What parents need to know
Parents Need to Know
Parents need to know that Reader Rabbit 2nd Grade features a lot of solid second-grade curriculum lessons embedded within an adventure game. Kids younger than second grade can play as well, thanks to the three difficulty levels available. If younger kids have difficulty with the controls, try reducing your Wii remote's sensitivity via the console's "Wii Options" menu. Be aware that the game's storyline does have some not-so-scary villains in the form of the pirate rats. The most violent thing the pi-rats do is hit people with blobs of cheese.
What's it about?
In READER RABBIT 2ND GRADE, the titular hare and his lion friend Sam are blasted with cheese balls and knocked from their flying "dreamship" by the wicked pirate rats (or pi-rats) who are out to steal Reader's magical vessel. The heroes are caught by a monkey scientist who offers to help get them back to their ship if they can help him fix his hovercraft (which has been covered in gooey cheese). Reader and Sam embark on an adventure to collect the items they need to fix the hovercraft. Along the way, they'll play mini-games that include putting antonyms together, piecing together mathematical equations, and identifying the parts of various insects.
Is it any good?
Reader Rabbit 2nd Grade features educational mini-games (not always the biggest draw for kids) presented in a fun, cartoon-like manner, complete with fully animated scenes and original songs. The package goes a long way toward making the experience a truly fun one for kids, and not seeming like homework or test prep.

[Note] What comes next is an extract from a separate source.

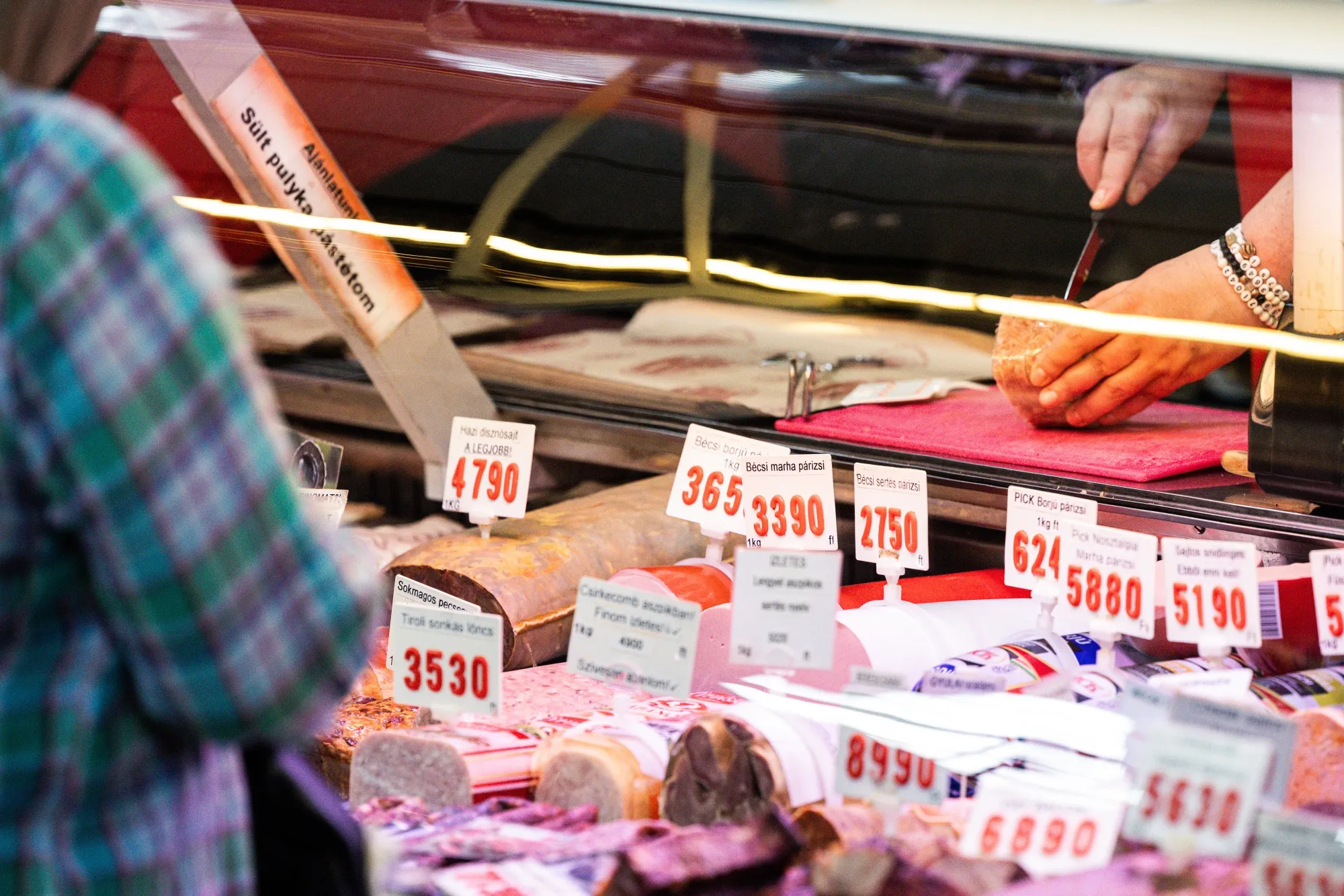 布達佩斯大市場食品市場內的一個肉鋪攤位。

The three difficulty levels cover a lot of ground, so younger kids can definitely play as well (even if they might find the precision-pointing of the Wii remote more of a challenge than their older counterparts). All in all, this is a solid package.
Families can talk about...
Families can talk about the educational lessons in the game. Do the lessons here match those you're learning in school? Do you think the games here can serve as good practice for school?
Families can also discuss how to make the best use of an educational video game like this. How often should a child be a allowed to play explicitly educational games? More often than entertainment-only games?